The trip on land went well enough too. Not one traffic accident occured nearby as they walked to the little town's station, which was odd, but almost made up for in sheer embarassment when Hagrid would point out things like parking meters and exclaim loudly about the odd things 'Muggles' dreamt up.
While they were actually on the train they still drew stares, as Hagrid took up two seats and begun working on a knitting project that appeared to be some sort of large tent.
"Still got yer letter, 'Arry? Good... there should be a list with it, of everythin' yeh'll need."
So there was. The list of books was amusing, when taken in context with the names of the people who wrote them. Some of the items required were rather outlandish.
"They... sell all this in London, do they?"
"Sure they do... If yeh know where te look for it. Jes' through here now..."
Hagrid's vice-like grip on his shoulder led him quickly into a dingy little pub that he hadn't noticed on first glance over the street, and through a morass of interesting(3) people to the back door and a small alleyway where Hagrid pointed his umbrella at a wall, counting out bricks. Two up and three across. And then the wall opened.
"'Ere we are, 'Arry... Diagon Alley."
Harry took a long, curious look around and was impressed. It was like he was in a renaissance fair. A really accurate one, where they hired people to put on makeup to give the appearance of grievous illness or to deliberately smear muck and slime through their hair and all over their skin to give the appearance of the dregs of poverty... and brought animals through for the specific reason of having them leave shit on the cobbles at random intervals.

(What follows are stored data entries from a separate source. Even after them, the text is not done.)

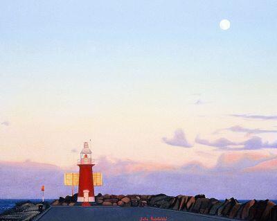 The red lighthouse at Rous Head, Fremantle with full moon at dawn. Year 2001. sold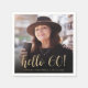 Este guardanapo de 60 anos personalizado apresenta a foto personalizada, o nome e o aniversário do convidado de honra, juntamente com as palavras "olá 60!" em um elegante roteiro de caligrafia dourada. Uma tela escura ajuda a tornar o texto pop. Uma forma excelente de celebrar alguém que está fazendo sessenta anos!
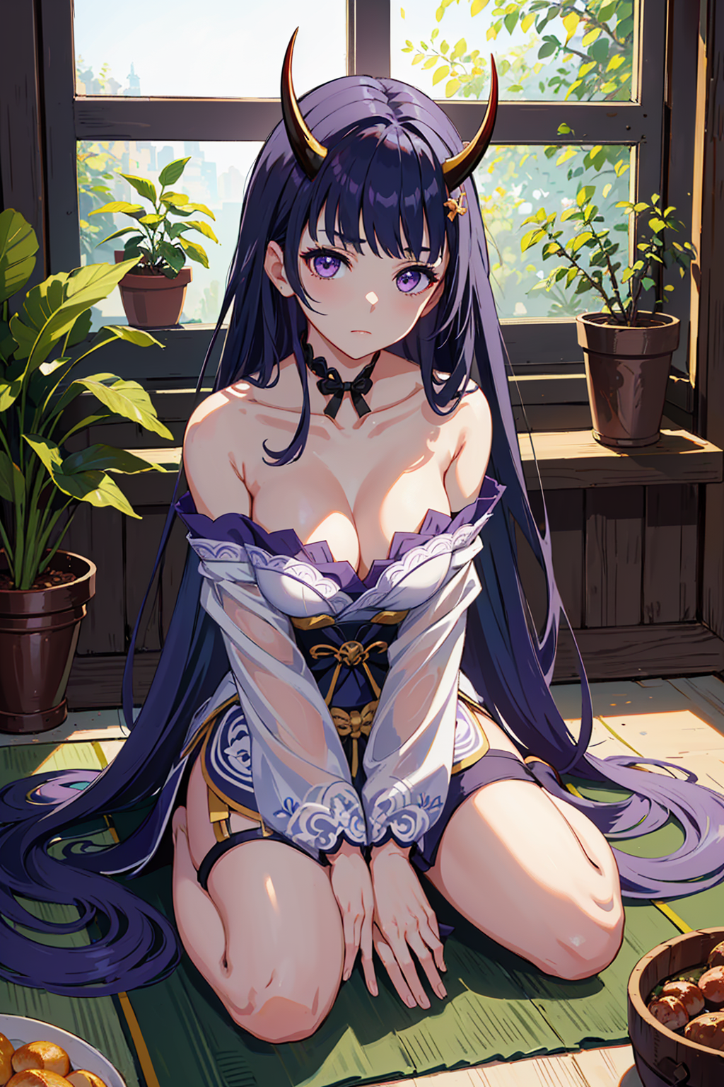 一如既往的介绍。"yae"是触发词,添加"very long hair,purple horns,hairpin,hair bun,earrings,purple bodystocking,detached sleeves,purple gloves,pelvic curtain,white tassel,high heels,see-through,breast curtains"来获得更好的输出。推荐权重0.8,更换服装需要降低权重到0.6,保留头部相关提示词和触发词即可。已知问题有:模型并不能很好的识别角的数量,可能会出现多个角。腰部的流苏挂饰具有不确定性。发髻可能出现在头的一侧而不是正后方,可以考虑去掉"hair bun"选择不生成这个烦人的发髻。如果你的Yae看起来不那么的成熟,添加"mature female,large breasts"即可。训练素材为纯黑背景,使用时需适当添加背景描述词。添加”glasses“来获得夜雨春澜的眼睛~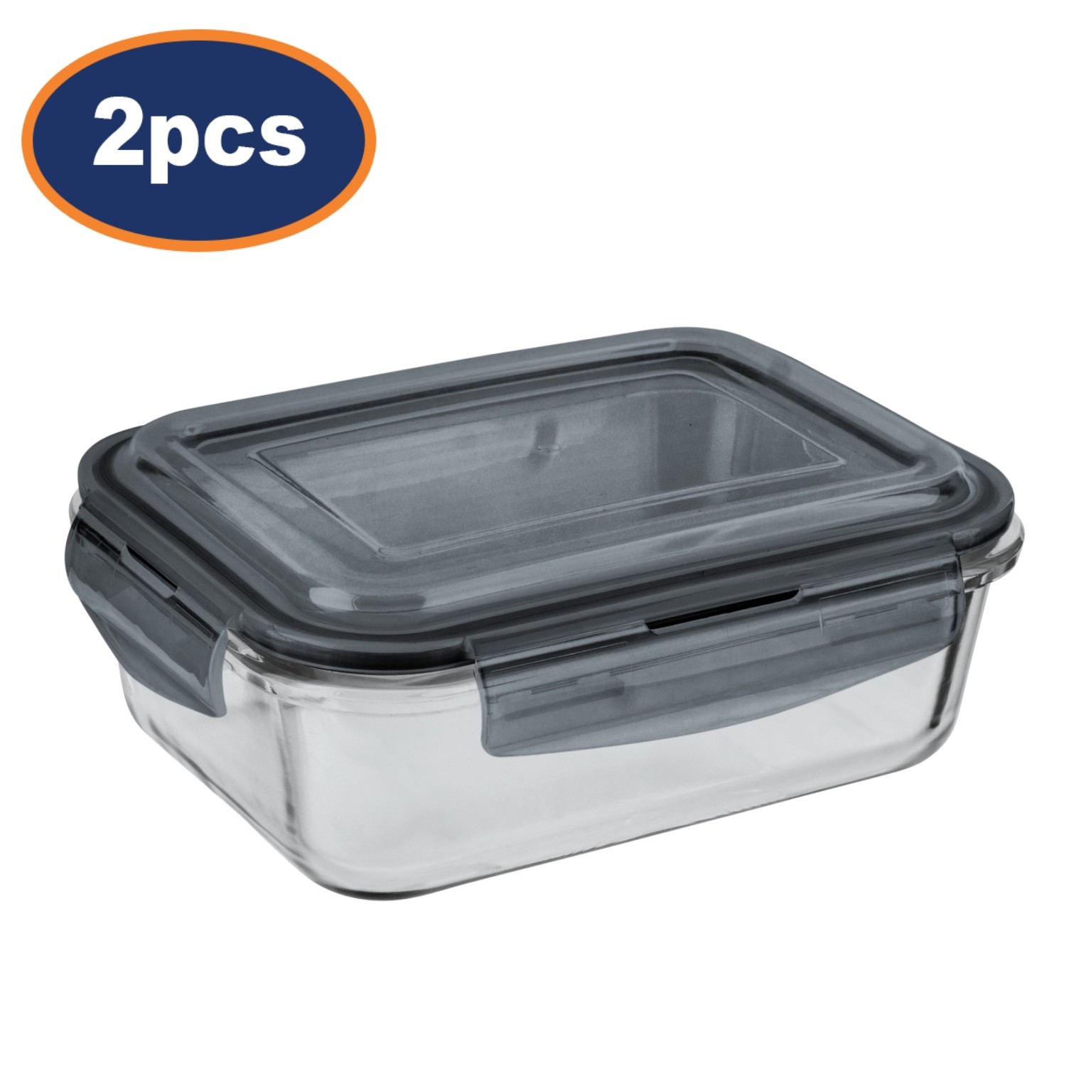 Glass Food Storage Container Plastic Lid 620ml Medium Clip Lock Oven Safe 2Pcs

So in short, he wasn't really impressed at all.
(1) Actually, Harry decided he looked better this way.
(2) Feel free to assign whatever measure of doubt or curiosity to this statement that you prefer. In truth, it was a hefty measure of both. Hagrid, after all, did not appear at first glance to be the most aerodynamic shape around.
(3) 'Interesting' in this case directly translates to 'odd'. There was a man with a rack of antlers, ten points at least, a woman with three eyes, and an ancient crone who used neither her hands nor cutlery to eat her meal but instead used her three foot long, prehensile tongue. And that's just what Harry caught in his first glance.
Someone suggested that I write a Discworld crossover and that's what this started as. But once again, somewhere after the first couple of sentences, my brain disengaged and my hands started typing on their own. I awoke six hours later with this all neatly typed out and my computer belching out a cloud of foul-smelling green smoke and leering at me. Except that it wasn't and what I just typed is bullshit. Whatever.
Anyway, Harry is pretty much a blend of certain Disc characters. Really heavy on Rincewind, as you can probably tell, but with a good bit of Vetinari and Moist von Lipwig thrown into the mix. Which you probably can't tell.
And the whole thing where the world is trying to correct the fact that Harry is supposed to be dead? I really don't know where that came from. I just knew that I needed something to mold Harry's personality properly in his formative years, and this is what I got.
One more thing... I fully intend to involve the Luggage, or a reasonable fascimile thereof, and a golem or two in this somewhere. Just a little heads-up.